Sitting beside her long-lost father, George drank in the detail of his face. Imagined him fatter. Younger. Not so different, after all, on closer inspection.
‘I tried to find you when you were a teen,’ he said, reaching out to touch her hair. ‘Even though your mother asked me not to. I did. I scoured the internet week after week. But I just couldn’t track you down.’
‘Ella Williams-May disappeared,’ she said, wishing he would leave her hair alone. It needed a good wash and some Moroccan oil on it, for a start. ‘It’s a long story. I’ll tell you on the flight home.’
‘Home?’ He angled his face towards her, frowning inquisitively.
Van den Bergen approached the bed, filling the room with the smell of sport deodorant and oranges. He crouched by the bedside. ‘We need you to come to Amsterdam to testify, Mr Moreno.’

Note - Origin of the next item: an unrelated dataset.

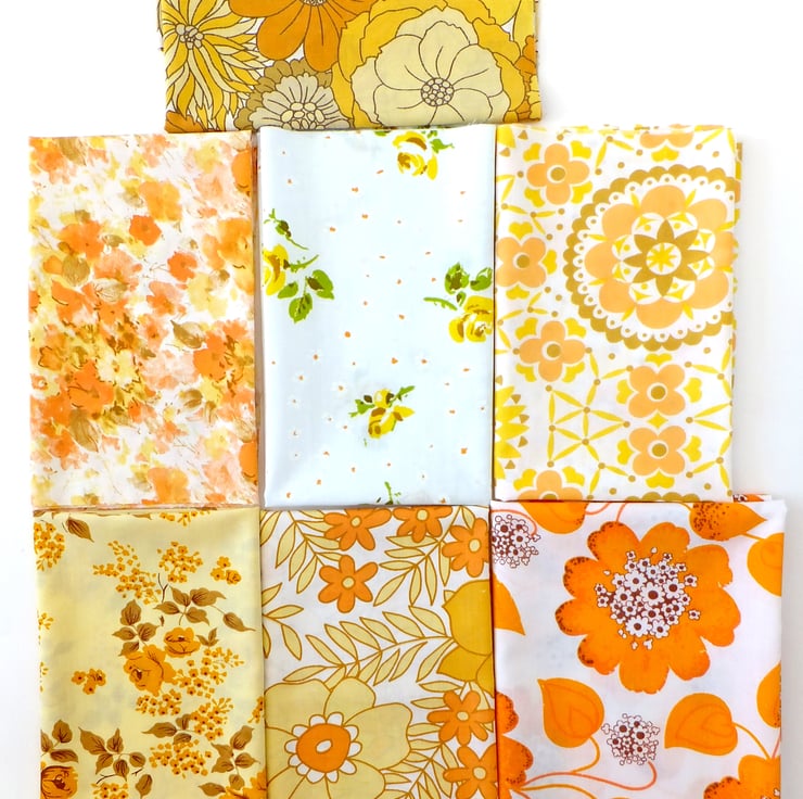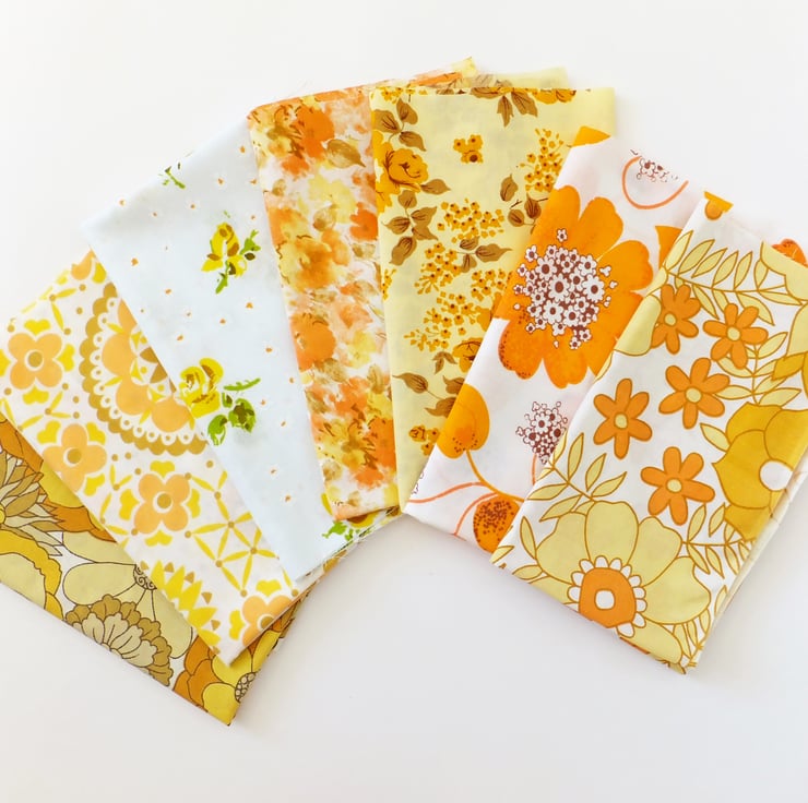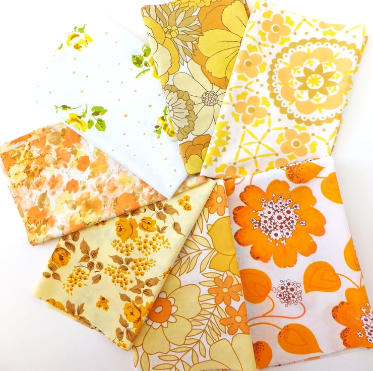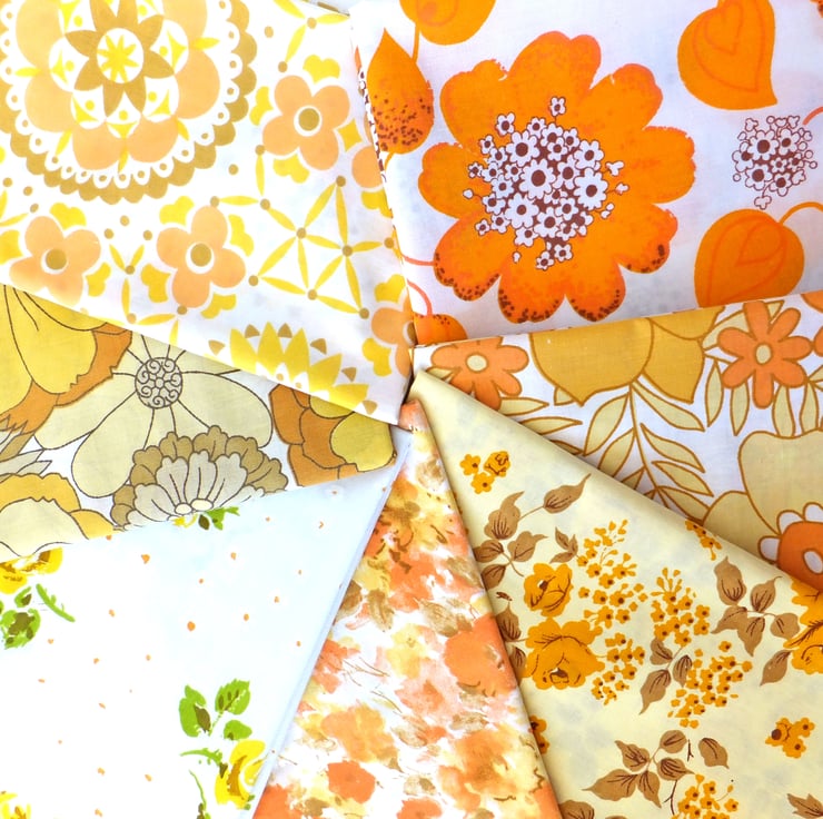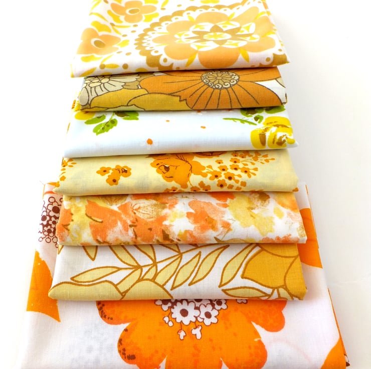 A lovely vintage fabric fat quarter bundle in oranges and lemons - seven bright retro florals and patterns. This bundle contains 7 fat quarters from vintage sheet fabrics. This fabric would be perfect for quilting, cushion making and all sorts of fabulous craft and sewing projects.

‘Call me Michael,’ her father said.
Nodding, Van den Bergen’s mouth remained a grim line. ‘The meth you were shipping to the Dominican … The meth being produced in that jungle lab has killed a number of young people in my city, giving them fatal lead poisoning. Kids in New York too. But my concern is the bodies that have been found floating in my canals. The Dutch police have just got hold of irrefutable forensic evidence …’ He glanced knowingly at George and winked. ‘That ties your el cocodrilo to Nikolay Bebchuck, otherwise known as the Rotterdam Silencer. These are all the pseudonyms of the man who had you kidnapped – Stijn Pietersen. He’s a Dutch national and we have reason to believe that’s he’s currently on Dutch soil. We know he’s been purchasing precursor chemicals from China through a Dutch multinational to service his labs in the Czech Republic and Mexico. Last night, when I’d finished taking your statement, George told me about all the violence. His gun-running and people trafficking.’
‘I’m living proof of that,’ her father said, patting George’s hand as a tear tracked along the contours of his thin face.
George wanted to envelop him in her arms but felt she couldn’t. Not yet. She was overwhelmed by a sense that their roles had been reversed, where her father was now the vulnerable one who needed looking after, and she was now his capable guardian. She was aware of tears pooling in her eyes for all that had been lost but willed them to be absorbed back into her body. Van den Bergen was talking about the case. The time to interrupt him with an outburst of mixed feelings about her childhood would come. But that time was not now.
‘Pietersen has the monopoly on the crystal meth market and he’s long overdue a prison sentence that will put him behind bars for good.’ Van den Bergen pulled up a chair from the corner of the room and folded his tall frame into it. Leaned forwards, placing his elbows on his knees. Speaking with the gravitas of the Chief Inspector that he was, rather than something approximating to a son-in-law who was inappropriately too old for a woman in her twenties. ‘We’re going to need you. If you don’t mind.’
Michael turned to George, studying her face. She realised she had no way of knowing what this man was thinking. Though he was her father, they had only just met for the first time in almost twenty-five years. He had no idea that Van den Bergen was her partner in more than just crime. He knew precisely nada about George. She knew absolute zero about him. But she sensed that he had a good soul.
‘How’s your mother?’ he asked, smiling weakly at her. The glimmer of fond reminiscence in his eyes.